Data
Integrity
Integrity constraints over relations
A database is only as good as the information stored
in it
A DBMS must help prevent the entry of incorrect
information
An integrity constraint is a condition
specified on the schema that restricts the data that can be stored
Integrity constraints are specified when you create
tables in using SQLs Data Definition Language (DDL)
Types of Integrity constrains
Application based constraints
(semantic integrity constraints)
Schema-based Constraints
(can be specified in the DDL)
Types of general constraints
Domain Constraintmust be atomic values
Key
Constraint
Entity
Integrity Constraint
Referential
Integrity Constraint
Key Constraints
First we need to look at types of keys
Superkey
Any set of attributes in a relation that make a tuple
unique
Candidate key
Primary Key
Foreign Key
Formal definition of Candidate Key
Let R be a relation with attributes A1,
A2,...,An.
Let K (the candidate key) be a set of attributes of R;
K = {Ai,
Aj,...,Ak}
K is a
candidate key of R if and only if the following two properties are
satisfied:
Uniqueness - At any given time, no two tuples of R have
the same value for Ai,
Aj,..., and Ak.
Minimality - None of Ai,
Aj,...Ak
can be discarded from K without destroying the uniqueness property.
These two properties must be time independent.
Primary key
Choosing a
primary key from the candidate keys is arbitrary
Primary keys are the only tuple-level addressing
mechanism within the relation model.
Key integrity constraint states that
a tuple must have a Primary
Key that
is unique and minimal
Entity integrity constraint states that
the Primary Key must not be NULL
All DBMS support this constraint
These constraints are specified on individual
relations.
Foreign key
Specifies a
constraint between two relations
Formal definition of a
Foreign Key
Foreign Key is a set of attributes
FK = {A1, A2,...An}
FK is a foreign
key of R1 if it satisfies two rules:
1. FK has the same domain as the PRIMARY
KEY of R2
We
say FK refers to the relation R2
2. A value of FK must occur as a value of
the PRIMARY KEY
or the FK may be NULL.
Note about foreign keys:
The foreign key must refer to a primary key; they must
have the same domain.
The foreign key does not have to be a primary key.
The foreign key can be NULL.
A foreign key can refer to its own relation.
R1 and R2 need not be distinct.
You must specify two things for a foreign key:
1) the attribute name(s)
2) the relation to which it
refers.
Foreign to
primary key matches represent the glue that holds the database together.

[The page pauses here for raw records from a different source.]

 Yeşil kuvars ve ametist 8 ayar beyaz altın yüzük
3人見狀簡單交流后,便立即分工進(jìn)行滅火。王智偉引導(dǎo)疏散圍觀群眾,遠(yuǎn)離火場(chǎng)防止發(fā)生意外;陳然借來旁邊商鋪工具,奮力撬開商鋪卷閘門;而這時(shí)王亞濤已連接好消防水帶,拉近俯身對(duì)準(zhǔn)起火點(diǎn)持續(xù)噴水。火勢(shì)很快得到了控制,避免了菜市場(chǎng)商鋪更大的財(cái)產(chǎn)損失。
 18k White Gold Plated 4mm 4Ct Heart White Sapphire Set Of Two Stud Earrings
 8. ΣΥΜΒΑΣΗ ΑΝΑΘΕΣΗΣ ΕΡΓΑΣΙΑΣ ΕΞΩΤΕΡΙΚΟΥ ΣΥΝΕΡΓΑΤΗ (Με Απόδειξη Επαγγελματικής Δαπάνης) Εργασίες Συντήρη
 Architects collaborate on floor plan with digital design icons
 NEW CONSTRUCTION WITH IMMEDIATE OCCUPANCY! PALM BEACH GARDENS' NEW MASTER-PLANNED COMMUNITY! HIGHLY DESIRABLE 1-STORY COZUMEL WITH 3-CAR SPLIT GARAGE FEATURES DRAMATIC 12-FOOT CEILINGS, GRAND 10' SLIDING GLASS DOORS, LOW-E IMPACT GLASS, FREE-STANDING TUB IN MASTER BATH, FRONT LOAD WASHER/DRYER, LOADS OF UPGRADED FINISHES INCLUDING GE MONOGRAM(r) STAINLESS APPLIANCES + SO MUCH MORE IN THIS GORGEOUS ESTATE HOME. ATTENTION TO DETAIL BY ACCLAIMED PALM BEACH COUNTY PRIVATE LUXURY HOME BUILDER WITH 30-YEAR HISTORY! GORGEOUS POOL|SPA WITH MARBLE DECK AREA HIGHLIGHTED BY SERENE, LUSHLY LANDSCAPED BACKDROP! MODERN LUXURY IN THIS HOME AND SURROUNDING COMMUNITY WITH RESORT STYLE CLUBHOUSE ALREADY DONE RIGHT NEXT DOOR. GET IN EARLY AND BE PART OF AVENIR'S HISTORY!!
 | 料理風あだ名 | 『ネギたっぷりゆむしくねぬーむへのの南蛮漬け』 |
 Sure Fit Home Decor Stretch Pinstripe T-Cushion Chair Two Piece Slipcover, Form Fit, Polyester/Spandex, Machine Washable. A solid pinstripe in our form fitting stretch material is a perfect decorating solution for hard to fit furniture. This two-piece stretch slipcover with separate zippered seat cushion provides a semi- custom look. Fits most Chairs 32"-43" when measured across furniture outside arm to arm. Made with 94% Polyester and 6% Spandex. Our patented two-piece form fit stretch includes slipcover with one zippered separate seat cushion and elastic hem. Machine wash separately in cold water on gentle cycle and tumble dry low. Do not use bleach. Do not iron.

Look at the foreign keys in company DB.
The Company Database foreign keys
dept_location.dnumber references department
department.mgrssn
references employee
works_on.essn references employee
works_on.pno references project
project.dnum references department
dependent.essn references employee
employee.dno
references department
employee.superssn
references employee
Summary of constraints on a Relational
Database
Domain
Constraint
The value of each attribute A must be an atomic value
from the domain for that attribute.
Key Constraint
A primary key must be unique and minimal.
Entity
Integrity Constraint
No primary key value can be NULL
Referential
Integrity Constraint
The value of a foreign key must match a value of the
primary key in the relation to which it refers.
Constraints
violations caused by data manipulation
Manipulation is divided into retrievals or updates
Since retrievals
dont change anything, they do not violate constraints
There are three basic update operations:
Insert a tuple or tuples
Can
violate any of the four types of constraints
Delete a tuple or tuples
Can
modify only the referential integrity constraint
Modify a tuple or tuples
Usually
the only problems occur when a primary or foreign key is modified.
Violations?
Tell which
constraint they violate, if any. Choices:
Key ConstraintA primary key must be unique and minimal.
Entity
Integrity Constraint No primary key
value can be NULL
Referential Integrity Constraint Foreign key violation
Insert <'Product A', 4, 'Belaire',
2> into project
Update the DNO of the employee tuple
with ssn = 999887777 to 7.
Update the ssn of the employee tuple with ssn = 999887777 to 987654321
Delete the works_on tuple with essn=999887777 and pno = 10.
Insert <Production', 4, '943775543'',
'01-oct-88'> into department
Delete the employee tuple with ssn = '987654321'.
Insert
<'453453453', 'John', 'M', '12-dec-60', 'spouse'> into dependent.
Delete the project tuple with pno = 10
What if updates violate the integrity
constraints?
Two choices:
1) Reject the operation that would result in an
illegal state.
2) Accept the operation,
cascade the results to keep the DB legal.